Abstract
Code-mixed data is an important challenge of natural language processing because its characteristics completely vary from the traditional structures of standard languages.
In this paper, we propose a novel approach called Sentiment Analysis of Code-Mixed Text (SACMT) to classify sentences into their corresponding sentiment - positive, negative or neutral, using contrastive learning. We utilize the shared parameters of siamese networks to map the sentences of code-mixed and standard languages to a common sentiment space. Also, we introduce a basic clustering based preprocessing method to capture variations of code-mixed transliterated words. Our experiments reveal that SACMT outperforms the state-of-the-art approaches in sentiment analysis for code-mixed text by 7.6% in accuracy and 10.1% in F-score.
N. Choudhary and R. Singh—These authors have contributed equally to this work.
Access provided by Autonomous University of Puebla. Download conference paper PDF
Similar content being viewed by others
Keywords
1 Introduction
Multilingual societies with decent amount of internet penetration widely adopted social media platforms. This led to the proliferation in usage of code-mixed text. Sentiment analysis of code-mixed data on social media platforms enables scrutiny of political campaigns, product reviews, advertisements and other social trends.
Code-mixed text adopts the vocabulary and grammar of multiple languages and often forms new structures based on its users. This is challenging for sentiment analysis as traditional semantic analysis approaches do not capture meaning of the sentences. Scarcity of annotated data available for sentiment analysis also limit the advances in the field.
In this paper, we aim to solve the limitations and challenges by utilizing a novel unified framework called “Sentiment Analysis of Code-Mixed Text (SACMT)”. SACMT model consists of twin Bi-directional Long Short Term Memory Recurrent Neural Networks (BiLSTM RNN) with shared parameters and a contrastive energy function, based on a similarity metric on top. The energy function suits discriminative training for energy-Based models [8].
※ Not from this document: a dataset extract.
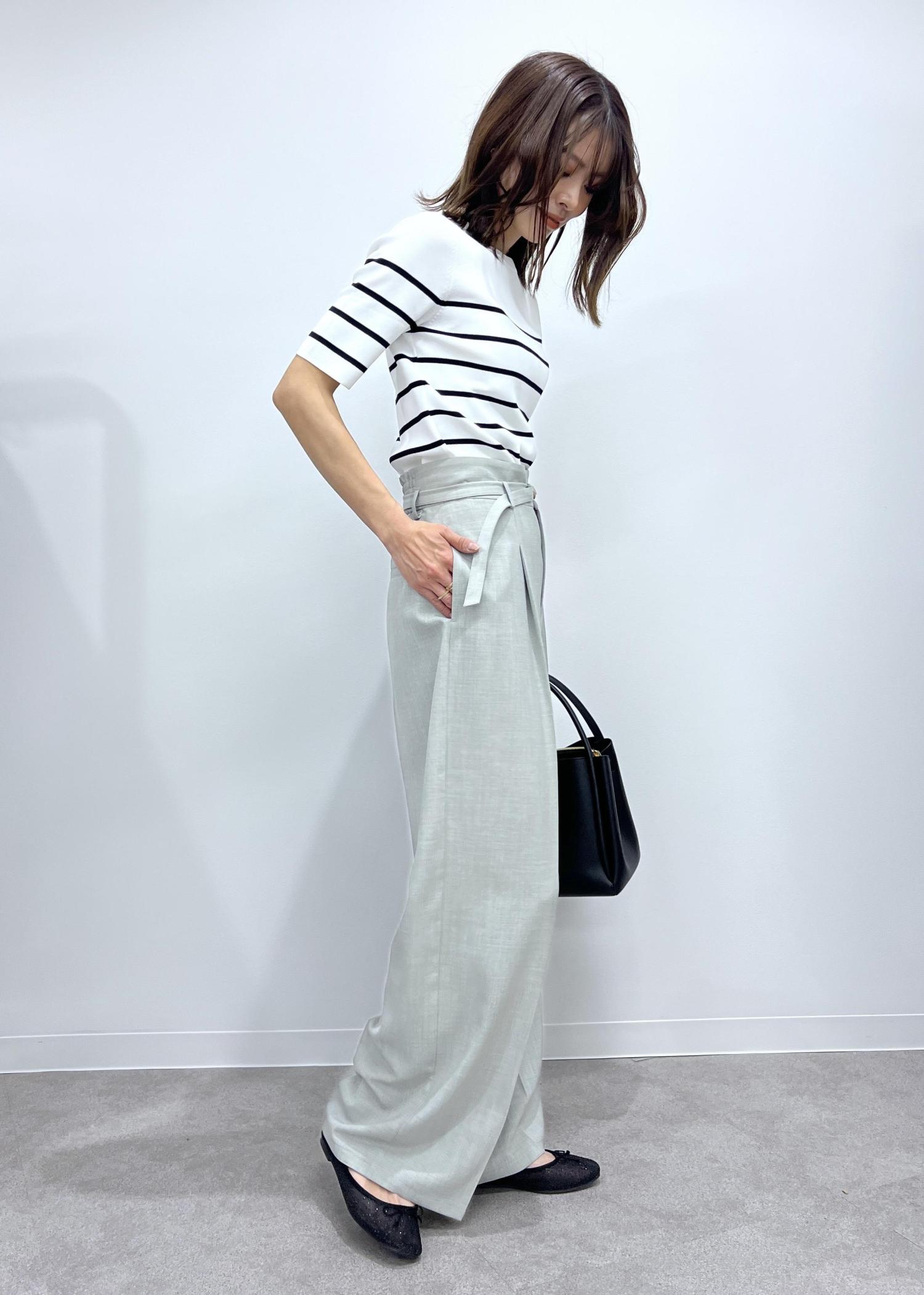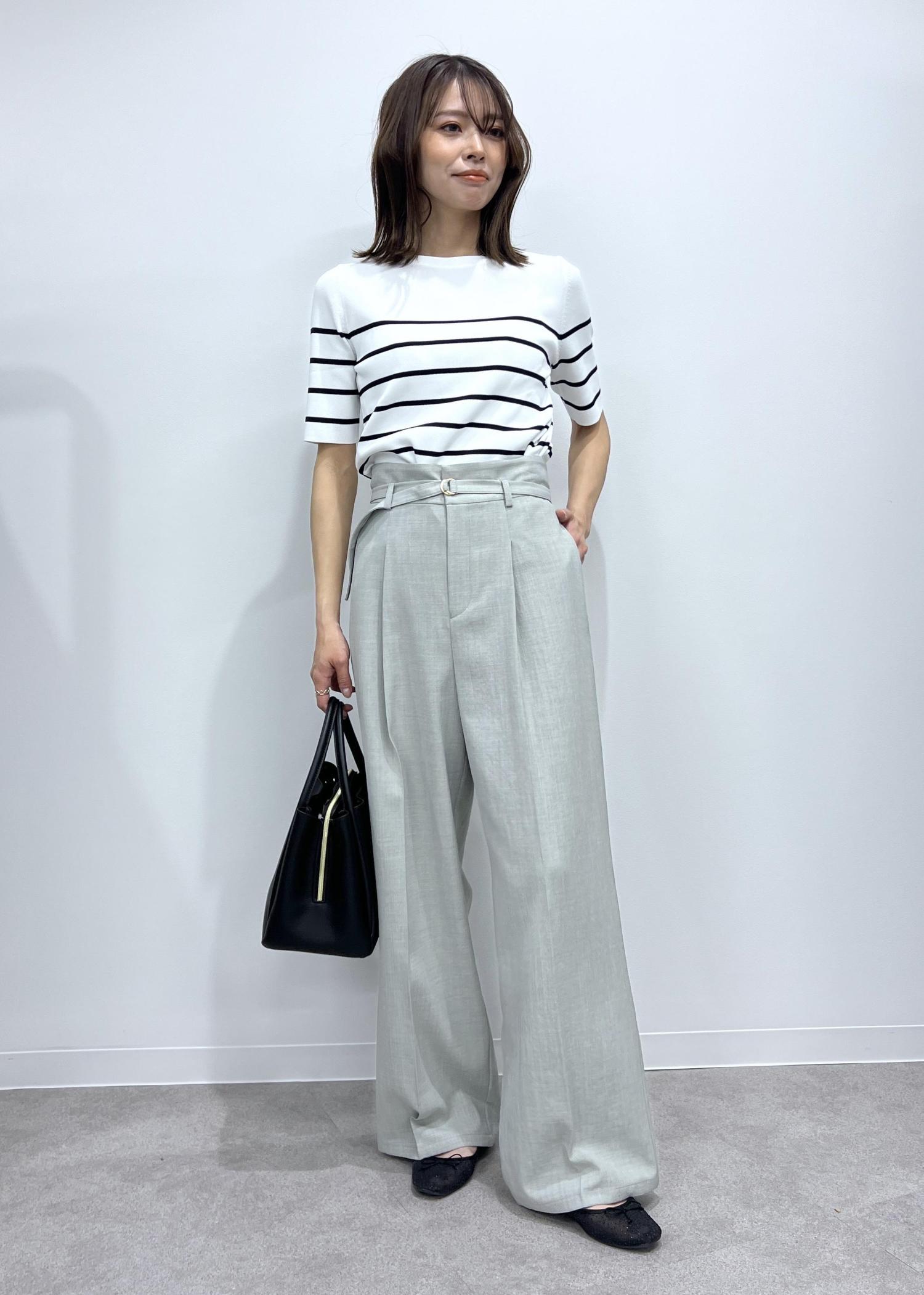 接触冷感のニットをインして、暑い日にも着やすいきれいめカジュアルコーデにしました。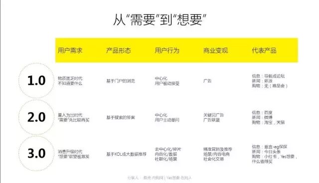 在由传统的PC时代到移动时代的过渡,购物按照从需要到想要的趋势的发展,“需要”时代,用户通过关键词搜索来表达,能提供答案的平台成为用户入口;而在“想要”时代,主逻辑是你有没有能力在用户表达“需要”之前,或者用户还没有意识到“需要”的时候,就发现并推荐他的“想要”,基于KOL或大数据的推荐机制成为主流,而用户行为也从搜索迅速转移到去中心、内容、社群化的碎片化场景,数据替代信息成为新的驱动力。

SACMT learns the shared model parameters and the similarity metric by minimizing the energy function connecting the twin networks. Parameter sharing and the Similarity Metric guarantee that, if the sentiment of sentences on both the individual Bi-LSTM networks are same, then they are nearer to each other in the sentiment space, else they are farther from each other. Hence, the representation of India match jit gayi (India won the match) and Diwali ki shubh kamnaye sabko (Happy Diwali to everybody) are closer to each other and India match jit gayi (India won the match) and Bhai ki movie flop gayi (Bhai’s movie was a flop) are distant from each other. The learned similarity metric models the sentiment similarity of sentences into a common sentiment space.
Transliteration of phonetic languages, like Hindi, into roman script creates several variations of the same word. For example, “”(more) can be transliterated as bahut,bohot or bohut. To solve this challenge, we perform a preprocessing step that aims at clustering multiple word variations together using a empirical similarity metric.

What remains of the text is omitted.